BEGIN Supplied entries

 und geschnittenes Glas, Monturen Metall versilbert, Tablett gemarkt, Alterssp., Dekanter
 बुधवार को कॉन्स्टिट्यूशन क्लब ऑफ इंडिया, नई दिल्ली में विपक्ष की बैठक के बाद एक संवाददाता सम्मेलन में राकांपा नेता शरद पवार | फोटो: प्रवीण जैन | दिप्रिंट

END Supplied entries
BEGIN Supplied entries

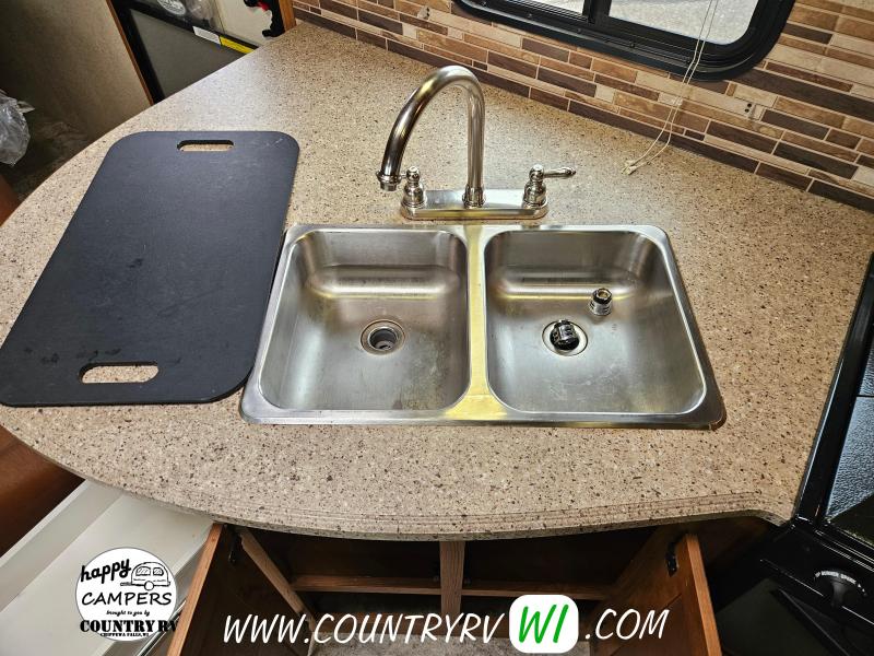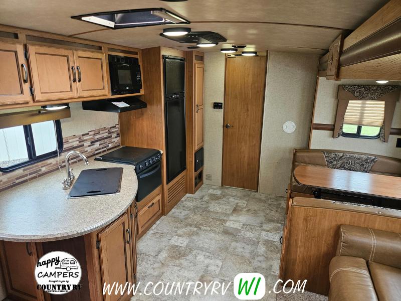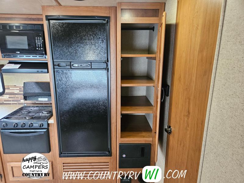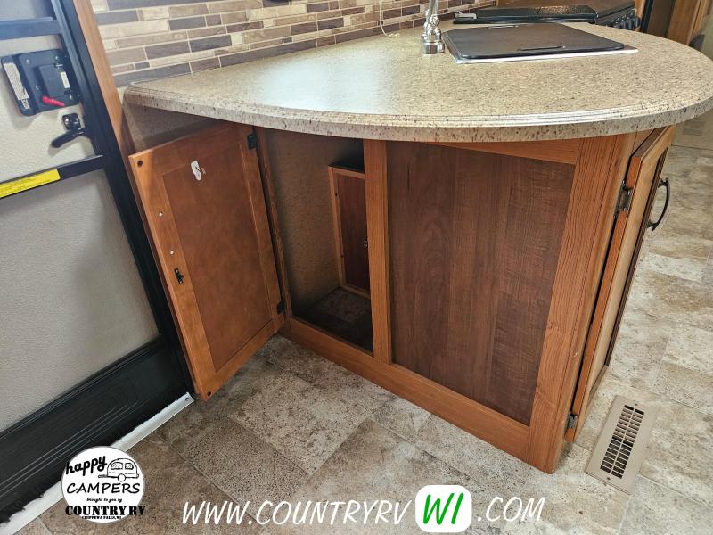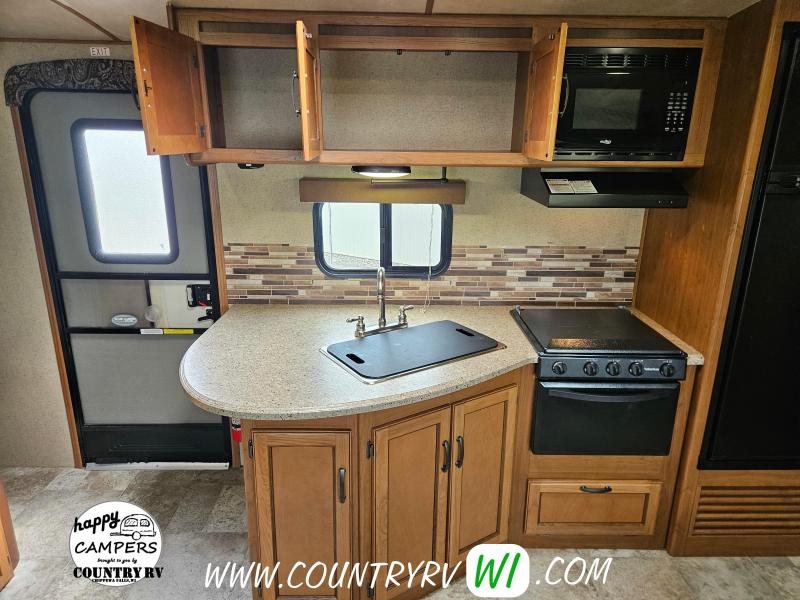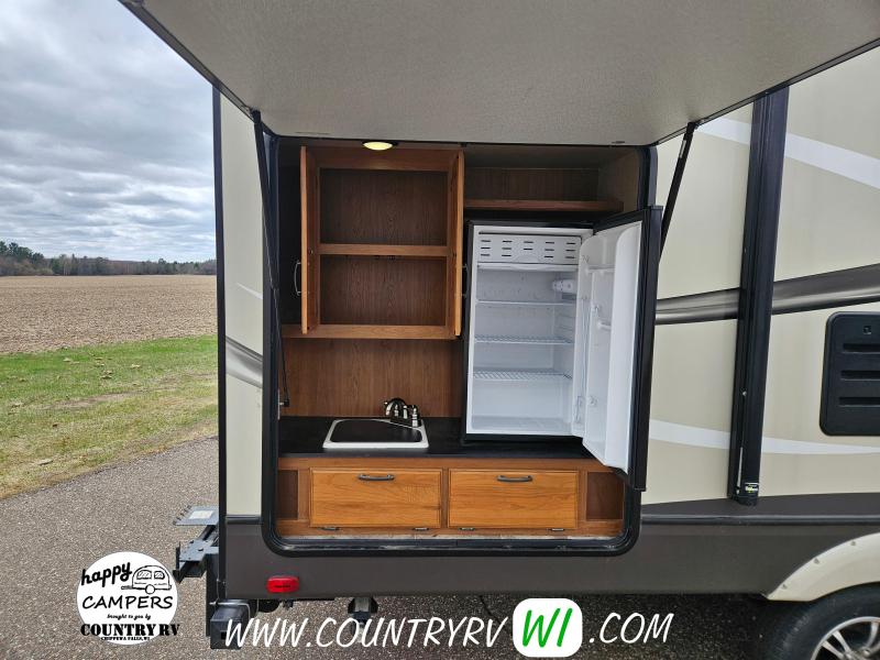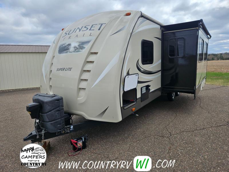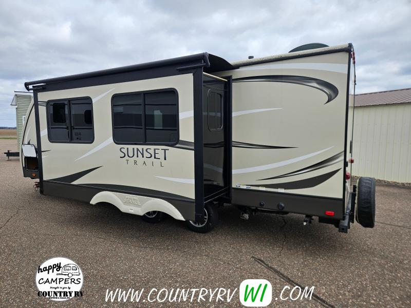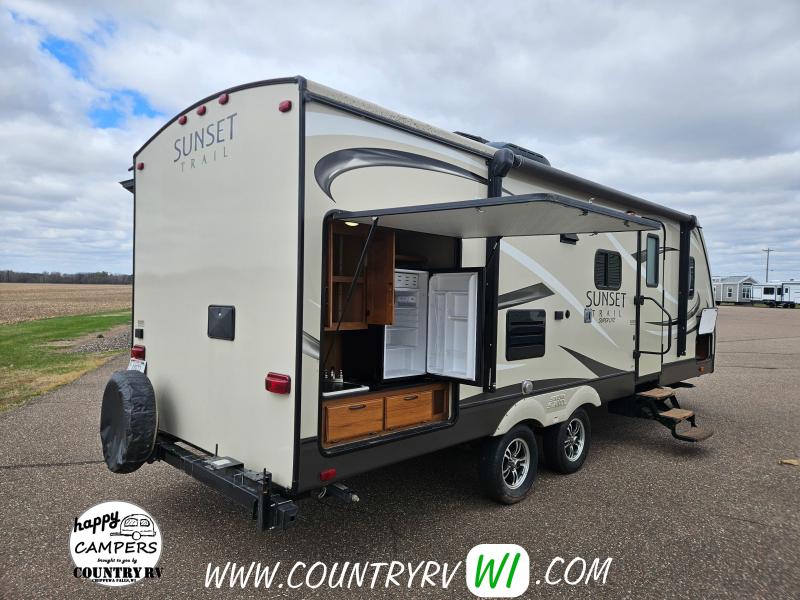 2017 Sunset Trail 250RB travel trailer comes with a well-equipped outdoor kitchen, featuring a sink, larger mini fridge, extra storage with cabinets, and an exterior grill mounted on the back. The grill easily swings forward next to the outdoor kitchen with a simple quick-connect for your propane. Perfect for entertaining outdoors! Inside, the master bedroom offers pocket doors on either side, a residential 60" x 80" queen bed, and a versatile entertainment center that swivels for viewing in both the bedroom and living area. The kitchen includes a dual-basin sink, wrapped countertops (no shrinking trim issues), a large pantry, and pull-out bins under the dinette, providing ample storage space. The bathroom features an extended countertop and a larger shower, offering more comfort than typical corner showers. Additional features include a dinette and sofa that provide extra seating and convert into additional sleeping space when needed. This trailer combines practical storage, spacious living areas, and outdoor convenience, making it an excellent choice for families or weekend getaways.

END Supplied entries

**Task description**
In the material above, transcribe exactly the lines beginning at the one with "und geschnittenes Glas, Monturen" and ending at the one with "बुधवार को कॉन्स्टिट्यूशन", both included.

**Task answer**
 und geschnittenes Glas, Monturen Metall versilbert, Tablett gemarkt, Alterssp., Dekanter
 बुधवार को कॉन्स्टिट्यूशन क्लब ऑफ इंडिया, नई दिल्ली में विपक्ष की बैठक के बाद एक संवाददाता सम्मेलन में राकांपा नेता शरद पवार | फोटो: प्रवीण जैन | दिप्रिंट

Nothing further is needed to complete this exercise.